Added by pespin over 1 year ago. Updated 4 months ago.

Status:
Feedback
Priority:
Normal
Assignee:
Category:
-
Target version:
-
Start date:
11/18/2022
Due date:
% Done:

90%

Spec Reference:

Description

<pespin_> we seem to have some memleak or mem-kept problem with osmo-bts-trx after a while when the pcu is paused in gdb
<pespin_> my osmo-bts-trx was taking 35% of my 16GB RAM
<LaF0rge> pespin_: well, probably lots of primitives queued for the pcu socket ;)
<pespin_> probably osmo-bts-trx sees the PCU socket still alive (process paused by gdb) and keeps queueing stuff forever in the PCUIF queue
<pespin_> yeah
<fixeria> maybe it's queueing the PCUIF messages somewhere?
<pespin_> we should block the queue from growing like that
<pespin_> keep it at a meaningful maximum size and drop older messages when adding new ones if the threshold is reached
<pespin_> I'll create a ticket to remind us
<fixeria> libosmocore's write_queue allows to set the limit, AFAIR
<pespin_> yeah but it's probably not dropping the old ones
<Hoernchen_> just drop all, no point trying to fix it by keeping "recent" messages, since the whole relationship of messages is fucked up anyway
<fixeria> but it will be rejecting new messages, not old
<pespin_> Hoernchen_, still it may be able to recover that way
<Hoernchen_> how?
<pespin_> just by keeping processing new messages?
<Hoernchen_> yeah,new ones, but why bother with the ones in the queue?
<pespin_> that's why I said "up to a meaningul length" 
<Hoernchen_> it just adds complexity keping track without actually affecting the probability of the "catching up" part after missing a lot of messages
<pespin_> no need to keep 1000 of them
<fixeria> the messages are queued because the fd is not writeable, so by processing out-of-queue you'll simply block the process
<pespin_> not much complexity: if (len > 10), llist_del(list_head->next); llist_add_tail(new_msg)
<LaF0rge> i would probably simply close the pcu_socket if we detect long queue lengths
<LaF0rge> let the pcu reconnect if it recovers/restarts
<LaF0rge> so have a osmo_wqueue, and if it overflows, close the fd, done.
<LaF0rge> [and flush the queue of course when closing]
<pespin_> ack makes sense

So let's establish a good threshold (configurable to allow debugging pcu without breaking the conn?) at which osmo-bts-trx can decide the PCU is stuck and can close the conn and drop the messages until it can reconnect again successfuly.


Files

osmo-bsc_fixed.cfg osmo-bsc_fixed.cfg 3.17 KB arehbein, 02/21/2023 04:10 PM
osmo-bts-trx.cfg osmo-bts-trx.cfg 1.29 KB arehbein, 02/21/2023 04:10 PM
osmo-pcu.cfg osmo-pcu.cfg 490 Bytes arehbein, 02/21/2023 04:10 PM
Actions #1

Updated by laforge about 1 year ago

  • Assignee changed from 4368 to arehbein
Actions #2

Updated by arehbein about 1 year ago

  • Status changed from New to In Progress

Hello pespin,

two points I'd like to have some feedback on:

1. Which component/config combinations do I need to start in order to reproduce this scenario? (Any commands to trigger the queue buildup?)

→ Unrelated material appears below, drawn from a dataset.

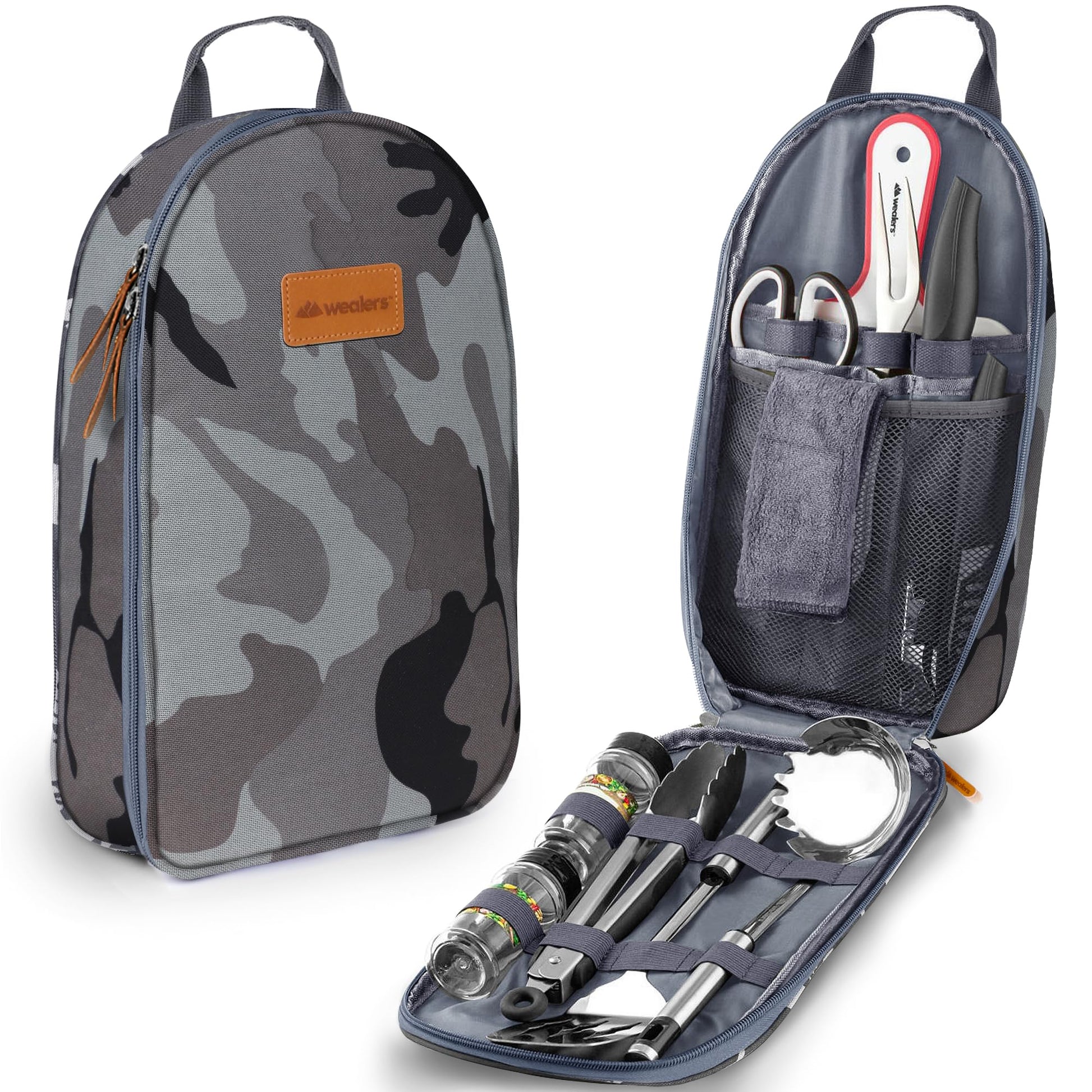 Camp Kitchen Cooking Utensil Set Travel Organizer Grill Accessories Portable Compact Gear for Backpacking BBQ Camping Hiking Travel Cookware Kit Water Resistant Case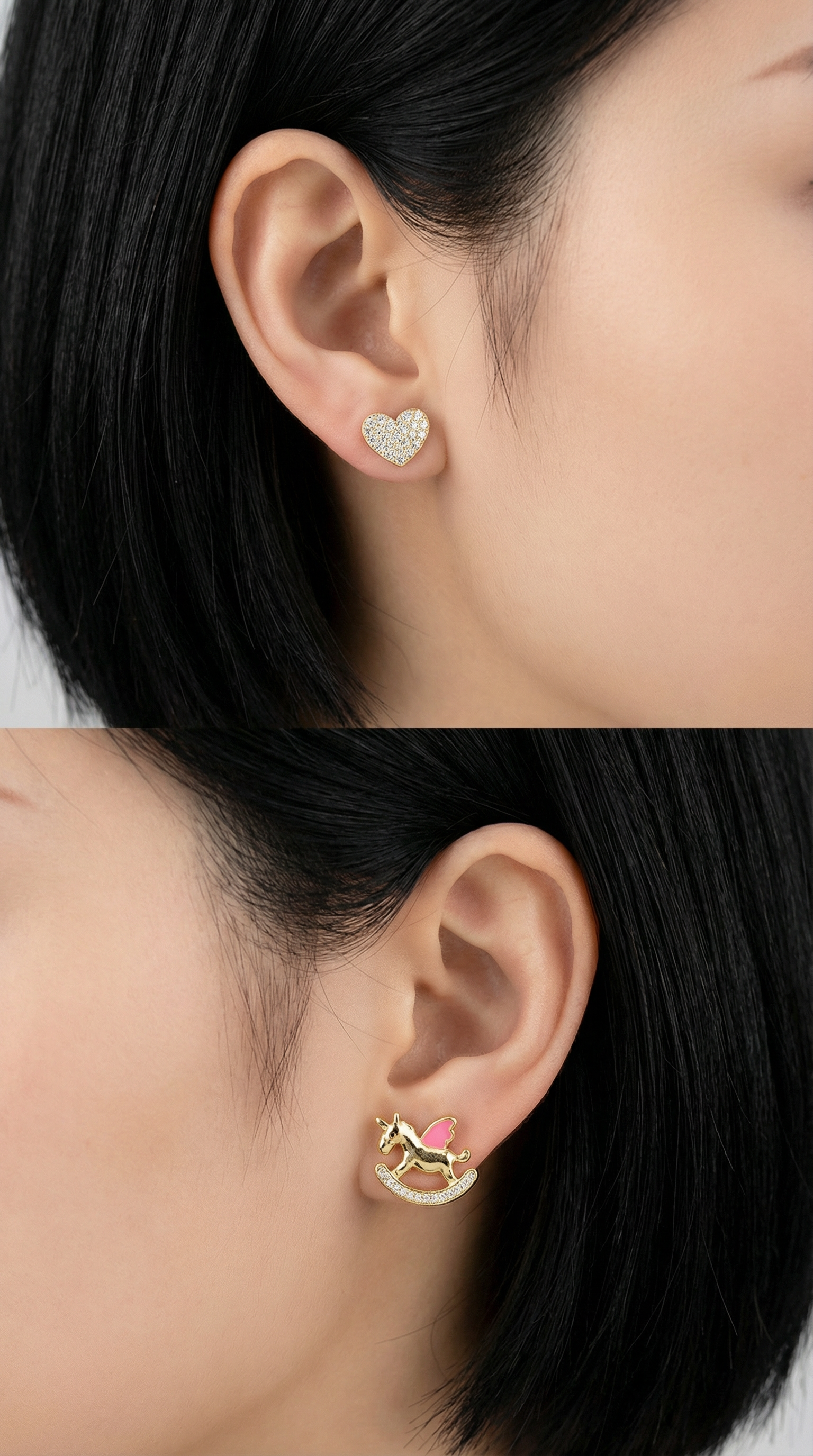 گوشواره وایت کوپر مدل یونیکورن و قلب نگیندار

Here are the commands I ran and some output:

osmocom-bb/src/target/trx_toolkit$ ./fake_trx.py -R 127.0.0.1

osmo-bsc$ ./src/osmo-bsc/osmo-bsc -c doc/examples/osmo-bsc/osmo-bsc-4trx.cfg

<0022> ../../src/m3ua.c:508 XUA_AS(as-clnt-A-0-m3ua)[0x612000010d20]{AS_DOWN}: Event AS-TRANSFER.req not permitted

osmo-pcu$ ./src/osmo-pcu -c ./doc/examples/osmo-pcu.cfg

<0001> osmobts_sock.c:238 osmo-bts PCU socket /tmp/pcu_bts has been connected
<0001> pcu_l1_if.cpp:1119 Received message for new BTS0
<0001> pcu_l1_if.cpp:732 BTS not available

osmo-bts$ ./src/osmo-bts-trx/osmo-bts-trx -c ./doc/examples/trx/osmo-bts-trx.cfg

<0012> ../../src/input/ipaccess.c:1098 enabling ipaccess BTS mode, OML connecting to 192.168.122.1:3002
<000b> trx_if.c:1266 phy0.0: Opening TRXC/TRXD connections
<0009> pcu_sock.c:1191 PCU socket connected to external PCU
<0001> oml.c:90 OC=GPRS-CELL INST=(00,ff,ff): Sending PCU version report to BSC: 1.2.0.1-d8ce
<0001> oml.c:90 OC=GPRS-CELL INST=(00,ff,ff): Sending PCU version report to BSC: 1.2.0.1-d8ce
<0001> oml.c:90 OC=GPRS-CELL INST=(00,ff,ff): Sending PCU version report to BSC: 1.2.0.1-d8ce
...

Seems like the BTS doesn't advertise itself as available for whatever reason. I'm not sure what's going on/if that means anything for this testcase etc., would appreciate some help with setting up the case referred to in the issue description, plus the approximate amount of time (i.e. magnitude) it took to build up that RAM usage.

2. Current approach

I thought I'd ask before coding away in this case... especially since I haven't yet been able to reproduce the error and am currently going on what I've read in the code/here.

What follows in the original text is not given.